One way to know you’ve clearly made a great choice: it solves a problem – and feels so damn good! 

I wore those tennis shoes the rest of the way down and all the way out of the canyon the next day. They received a rigorous washing when we arrived home. And they are officially my favorite shoes!

The irony is that I had spent the entire week before the trip lecturing my son for not breaking in his brand-new hiking shoes – he needs new shoes about every 3 months due to his exponential growth!  He had ZERO issues with his shoes. (Don’t think he didn’t make that point known.)

    2. Figure out what you want most – in that moment – and do whatever it takes to get there.

My son did have his own challenges however. To be expected, considering he was a 14-year-old young man attempting something that only 1% of the 6 million people who visit the Grand Canyon each year are brave (or crazy) enough to attempt.

He was a champion the first day, descending 4,780 feet in elevation, covering 7 miles. Just to offer you some perspective, there is not a single flat surface from the rim until you reach the bridge that crosses the Colorado river at the bottom – exemplifying the phrase, “It’s all downhill from here.”

And if you’ve never hiked, walked or ran at a steep decline, you should know that it’s much harder on your joints and muscles than climbing at an incline.

That evening at camp, it dawned on me as my own muscles started to tighten and ache, that rolling out of our tiny beds in the bunk house the next morning could prove to be interesting – and maybe even a game-ender for my son.
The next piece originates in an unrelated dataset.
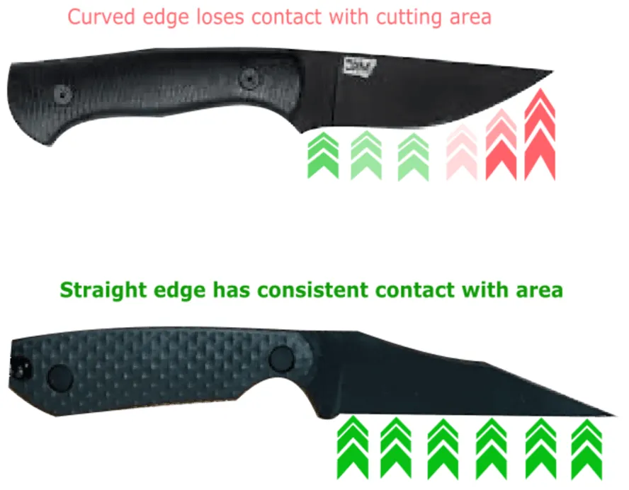The straight edge means that the force of a cut is spread evenly across the whole blade, down to its tip.

There’s nothing quite like taking that first step the day after you’ve asked your body to perform some enormous physical feat. It usually involves some element of shock and crying out loud or cussing. Followed by a desperate attempt by your brain to make sense of how you’re going to even live through that next day, let alone take another step. Or how about thousands of steps, with a heavy pack on your back for 8 to 10 hours straight.

It’s in those moments that you have to have a real heart to heart with your brain – reminding it that it is in charge of your body and has the power to determine what happens next.

We had no choice but to hike up and out of the canyon the next day, gaining 4,380 in elevation over the course of 9.5 miles – not for the faint of heart.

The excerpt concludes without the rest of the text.